### ASSIGNMENT
The answer must reproduce the listing exactly, with every picture left out.

### INPUT MATERIAL
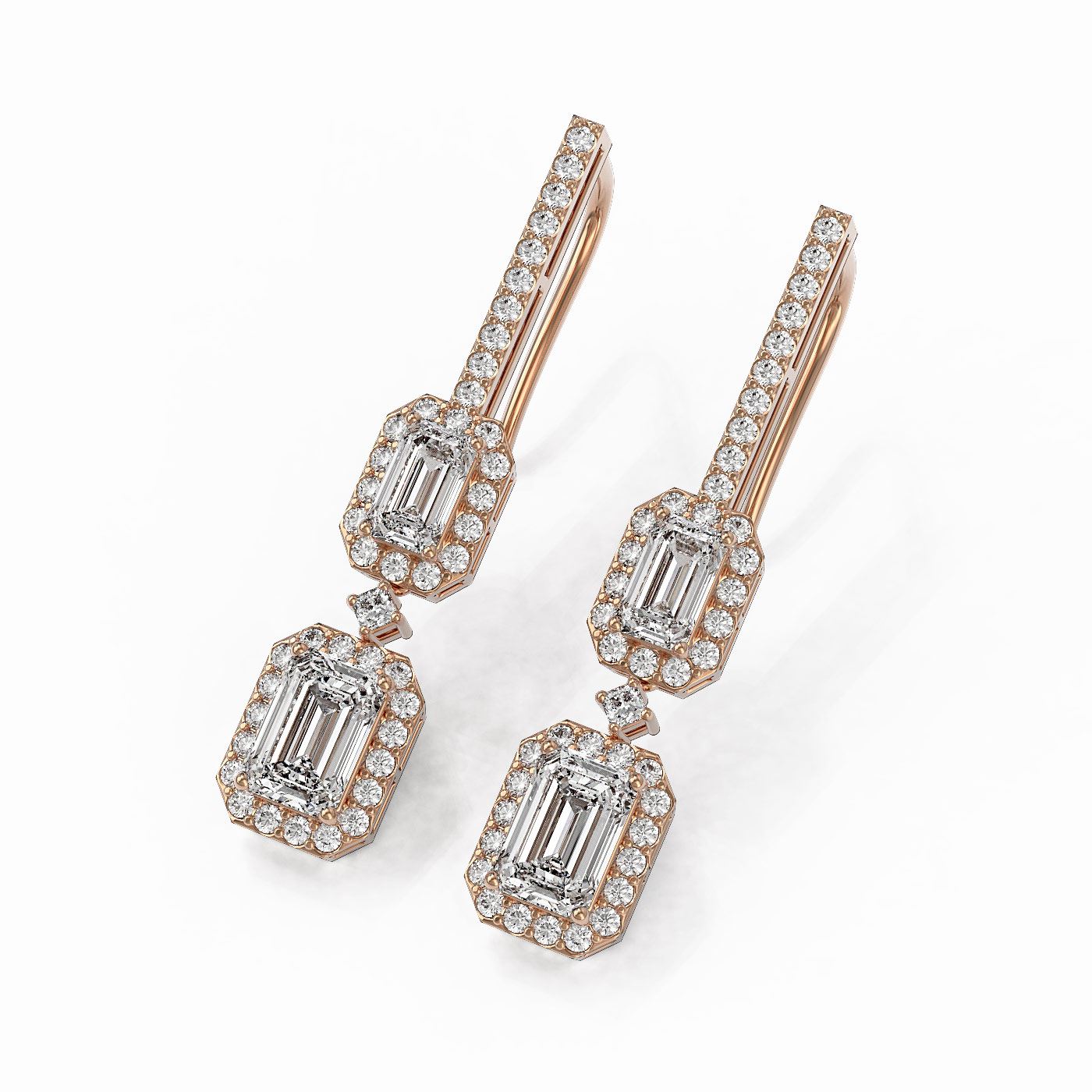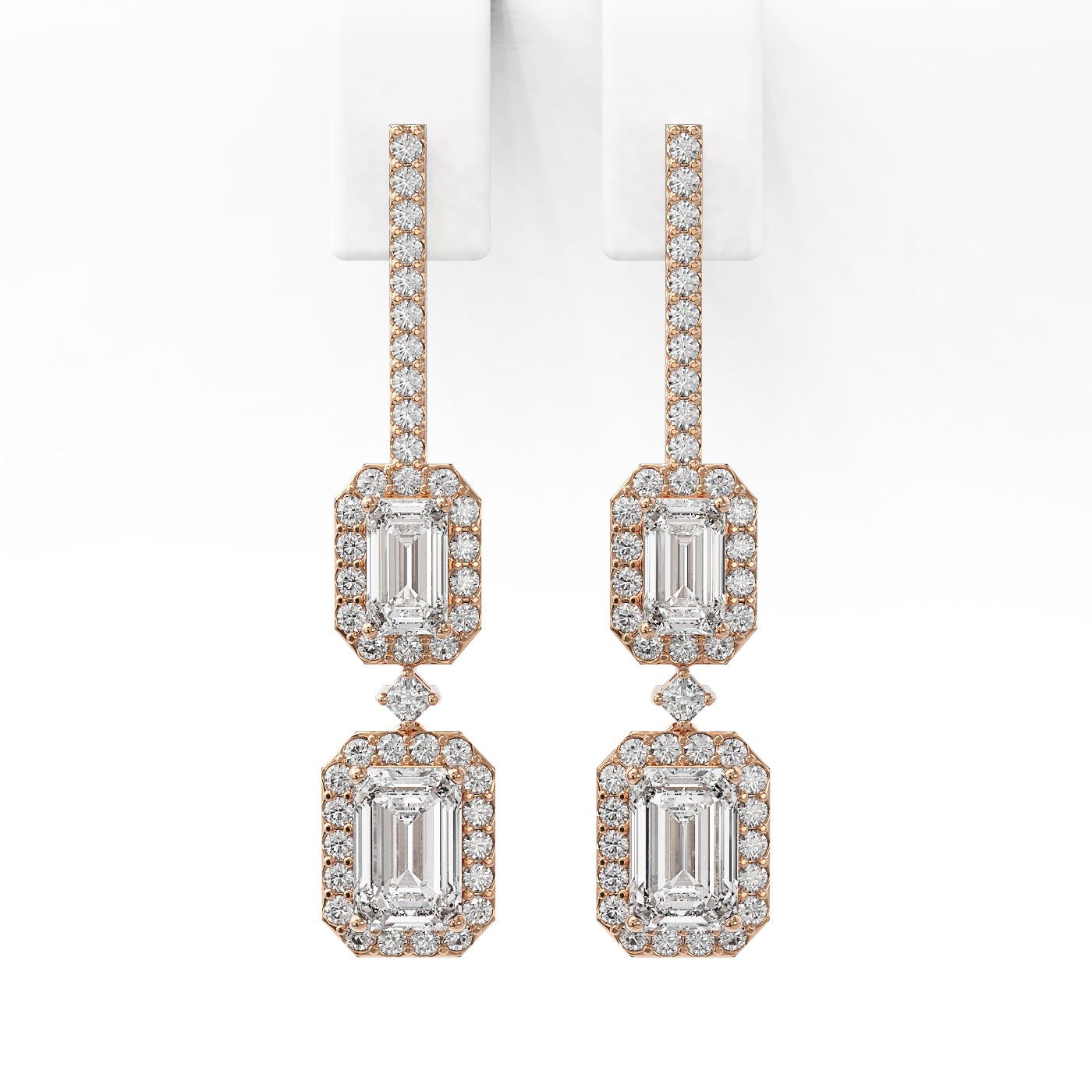 2.55 ctw Emerald Cut Diamond Designer Earrings 18K Rose Gold
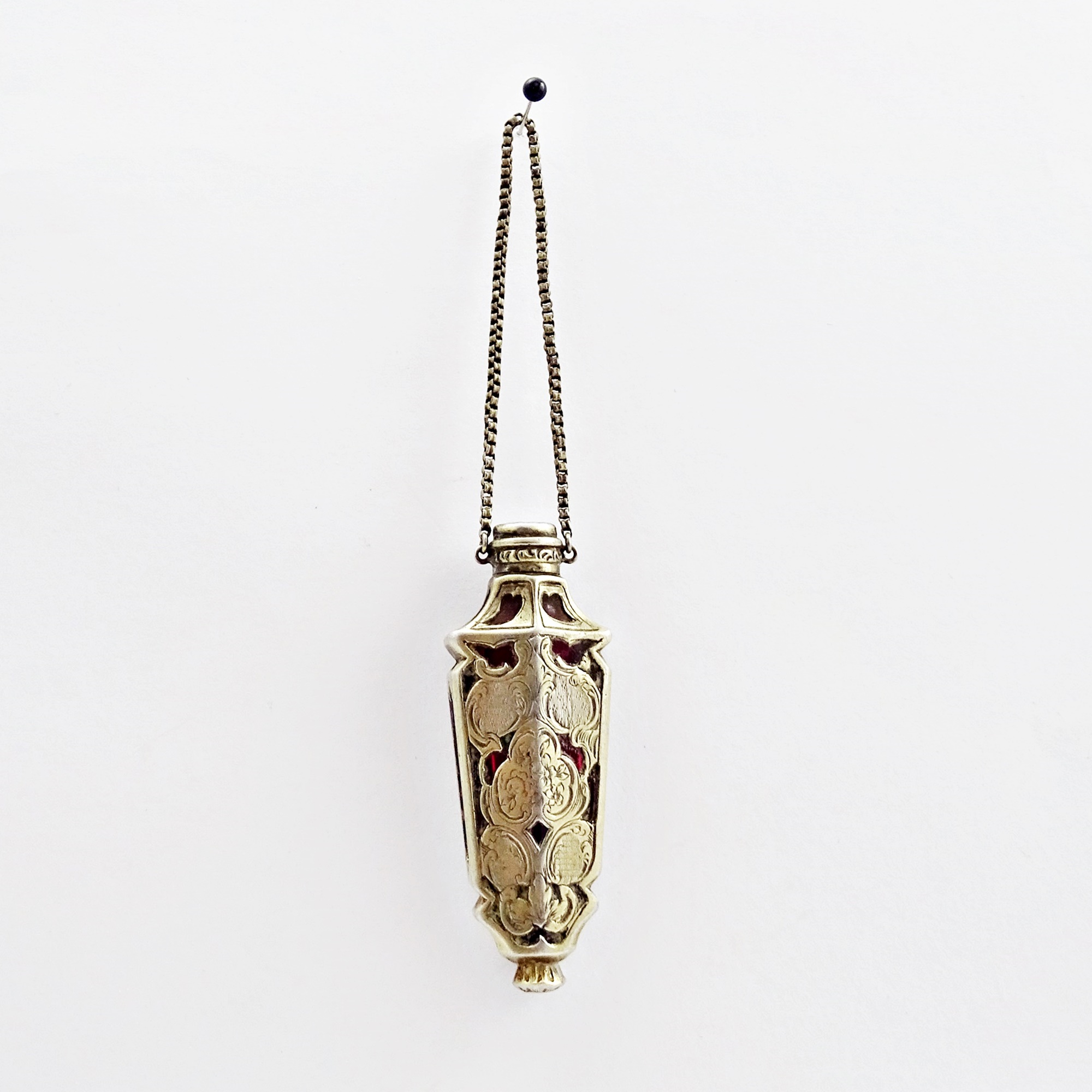 Round Chatelaine scent bottle in red glass with ormolu cage, enamelled flowers and dangles Discover more
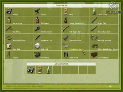 - 25 различных винтовок, дробовиков и луков; Доступен 21 уникальный аксессуар и предмет
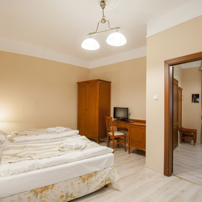 Hotel udostępnia 36 miejsc noclegowych w wysokiej klasy pokojach jedno-, dwu-, i trzyosobowych. Posiada dostęp do Internetu (WiFi), skrytek depozytowych oraz świadczy usługę room service w godzinach pracy restauracji. Pokoje wyposażone są w telewizory oraz minibar. Wspaniała lokalizacja w centrum Uzdrowiska, obiady serwowane w restauracji, śniadania i kolacje w formie szwedzkiego bufetu, a przede wszystkim dostęp do basenu termalnego to niewątpliwe atuty obiektu.
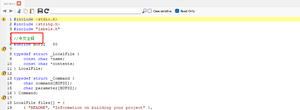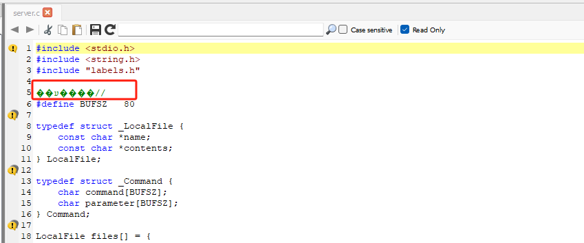 客戶通過同步設(shè)置將工程的代碼導(dǎo)入到QAC中進(jìn)行分析。但是,在閱讀代碼的時(shí)候發(fā)現(xiàn),所有的中文注釋均出現(xiàn)亂碼的情況(如圖2-1)。經(jīng)過和客戶的確認(rèn),客戶使用的編碼規(guī)則是ANSI。而QAC默認(rèn)使用的是UTF-8編碼規(guī)則,所以導(dǎo)致了亂碼。
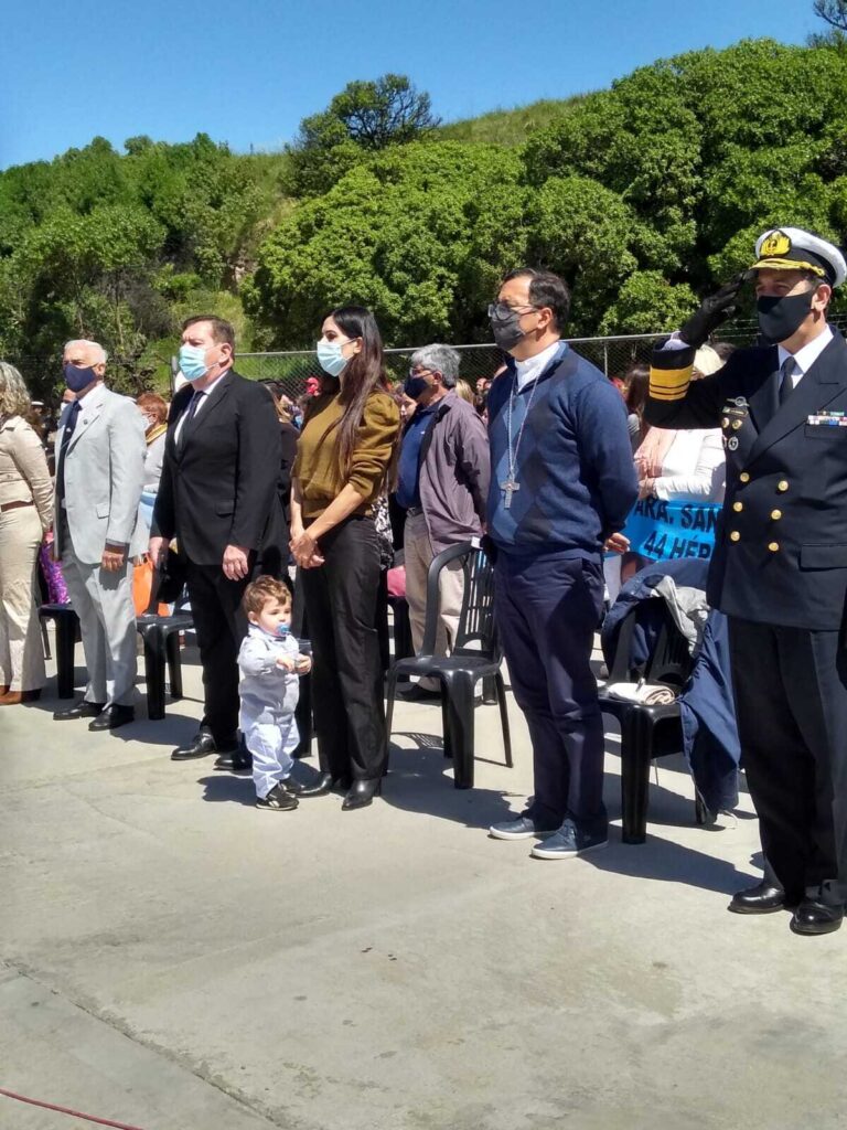 El monumento fue inaugurado en un marco de respeto por parte de todo el público que participó de la ceremonia en el acceso a la Base Naval de Mar del Plata en un espacio especialmente asignado para recordar la memoria de los 44 héroes.
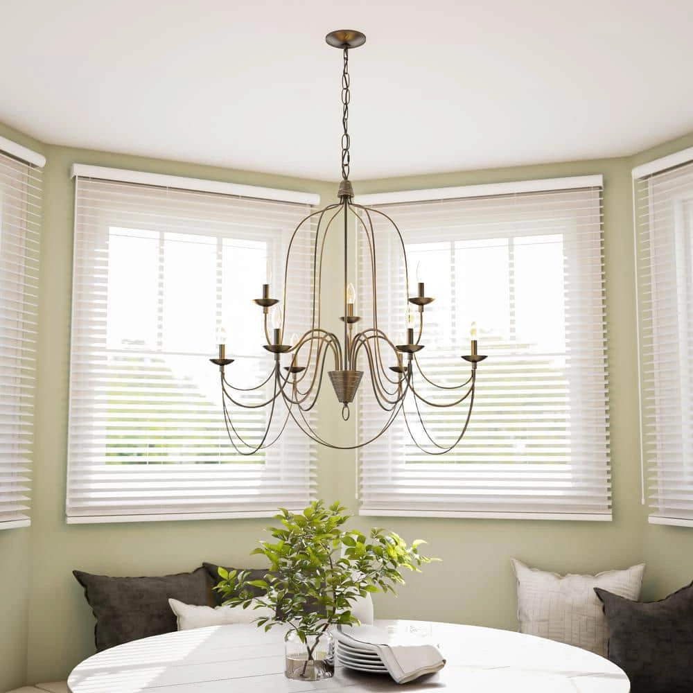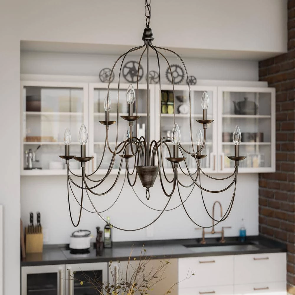 Beautifully layered curved oil rubbed bronze arms form the gothic-inspired web shape of this elegant traditional 9 light chandelier. Simple in design yet powerful in presence, this chandelier features intricately spun details around the base of each candelabra holder. This statement piece adds plenty of warm, welcoming lighting in any vaulted dining room or sloped ceiling entryway.
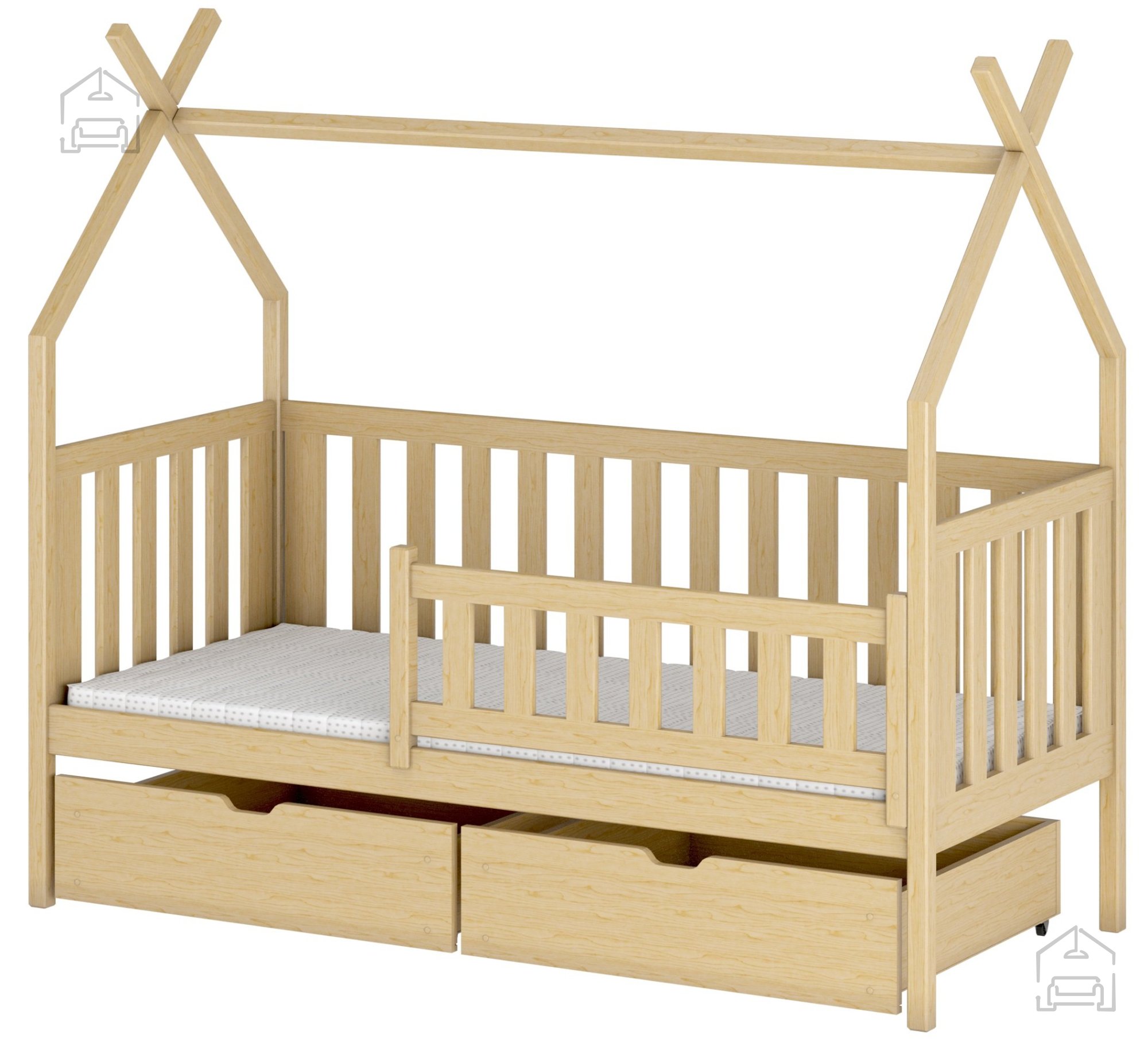 Sodobna otroška postelja z dodatnim ležiščem je namenjena fantom in deklicam. Otroška postelja je narejena tako, da združuje funkcionalnost, modernost in predvsem kakovost in varnost za vašega otroka, ker ima močen okvir iz bora. Praktične dimenzije zagotavljajo, da postelja ne zasede veliko prostora, zato je več prostora za igranje ali učenje. Otroška postelja je narejena iz borovega lesa. Postelja ima prostor za shranjevanje v obliki dveh predalov.
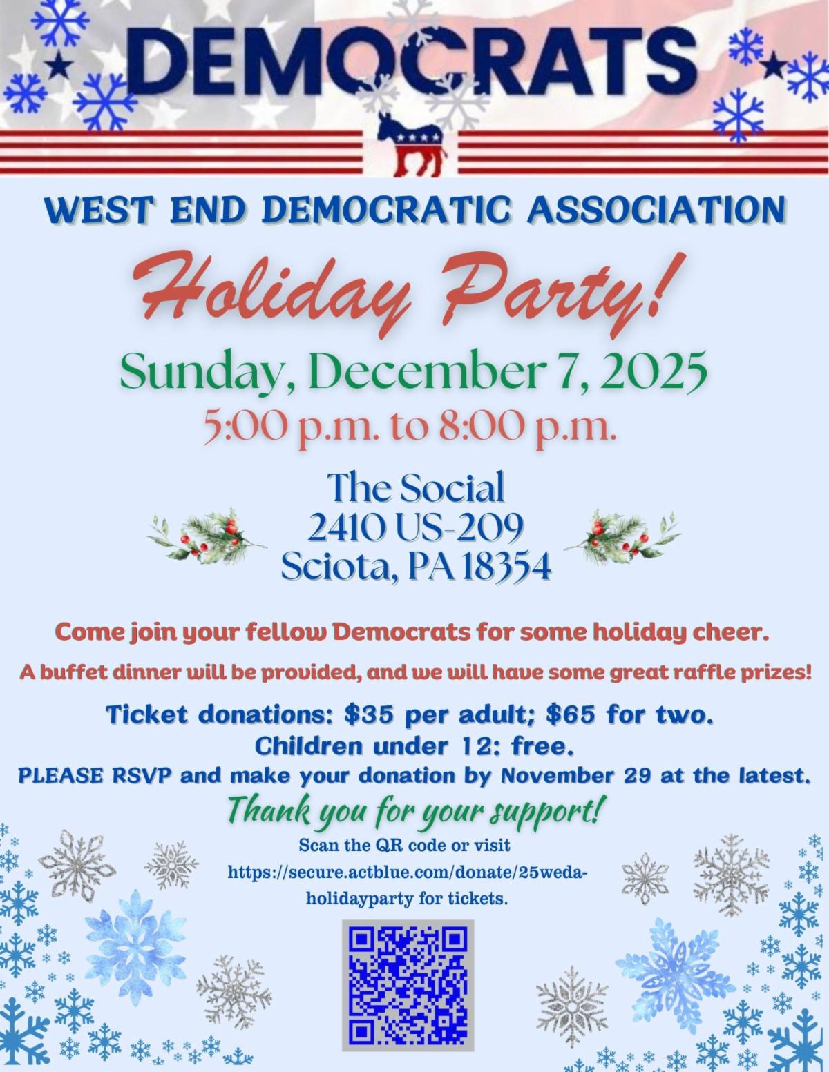 Come join your fellow Democrats for some holiday cheer! The WEDA Holiday Party is on Sunday, December 7, 2025, from 5 to 8 p.m.
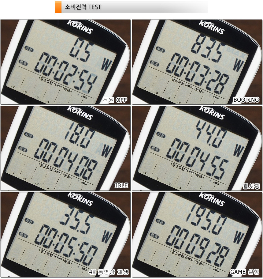 소비전력 테스트를 진행하고 있는 모습으로 (최고성능 모드) 가벼운 작업에서는 50W 내외로 작동했으며 CPU와 GPU가 최고 속도로 동작하는 게임에서는 210W 까지 소비전력이 올라가는 것을 확인할 수 있었다. (게임에 따라 170W~200W로 플레이 되었다. 또한 발열 등으로 인해 소비전력이 떨어지는 현상없이 일정 전력을 수준을 꾸준히 유지했다.)

### PROBLEM SOLUTION
 2.55 ctw Emerald Cut Diamond Designer Earrings 18K Rose Gold
 Round Chatelaine scent bottle in red glass with ormolu cage, enamelled flowers and dangles Discover more
 - 25 различных винтовок, дробовиков и луков; Доступен 21 уникальный аксессуар и предмет
 Hotel udostępnia 36 miejsc noclegowych w wysokiej klasy pokojach jedno-, dwu-, i trzyosobowych. Posiada dostęp do Internetu (WiFi), skrytek depozytowych oraz świadczy usługę room service w godzinach pracy restauracji. Pokoje wyposażone są w telewizory oraz minibar. Wspaniała lokalizacja w centrum Uzdrowiska, obiady serwowane w restauracji, śniadania i kolacje w formie szwedzkiego bufetu, a przede wszystkim dostęp do basenu termalnego to niewątpliwe atuty obiektu.
 客戶通過同步設(shè)置將工程的代碼導(dǎo)入到QAC中進(jìn)行分析。但是,在閱讀代碼的時(shí)候發(fā)現(xiàn),所有的中文注釋均出現(xiàn)亂碼的情況(如圖2-1)。經(jīng)過和客戶的確認(rèn),客戶使用的編碼規(guī)則是ANSI。而QAC默認(rèn)使用的是UTF-8編碼規(guī)則,所以導(dǎo)致了亂碼。
 El monumento fue inaugurado en un marco de respeto por parte de todo el público que participó de la ceremonia en el acceso a la Base Naval de Mar del Plata en un espacio especialmente asignado para recordar la memoria de los 44 héroes.
 Beautifully layered curved oil rubbed bronze arms form the gothic-inspired web shape of this elegant traditional 9 light chandelier. Simple in design yet powerful in presence, this chandelier features intricately spun details around the base of each candelabra holder. This statement piece adds plenty of warm, welcoming lighting in any vaulted dining room or sloped ceiling entryway.
 Sodobna otroška postelja z dodatnim ležiščem je namenjena fantom in deklicam. Otroška postelja je narejena tako, da združuje funkcionalnost, modernost in predvsem kakovost in varnost za vašega otroka, ker ima močen okvir iz bora. Praktične dimenzije zagotavljajo, da postelja ne zasede veliko prostora, zato je več prostora za igranje ali učenje. Otroška postelja je narejena iz borovega lesa. Postelja ima prostor za shranjevanje v obliki dveh predalov.
 Come join your fellow Democrats for some holiday cheer! The WEDA Holiday Party is on Sunday, December 7, 2025, from 5 to 8 p.m.
 소비전력 테스트를 진행하고 있는 모습으로 (최고성능 모드) 가벼운 작업에서는 50W 내외로 작동했으며 CPU와 GPU가 최고 속도로 동작하는 게임에서는 210W 까지 소비전력이 올라가는 것을 확인할 수 있었다. (게임에 따라 170W~200W로 플레이 되었다. 또한 발열 등으로 인해 소비전력이 떨어지는 현상없이 일정 전력을 수준을 꾸준히 유지했다.)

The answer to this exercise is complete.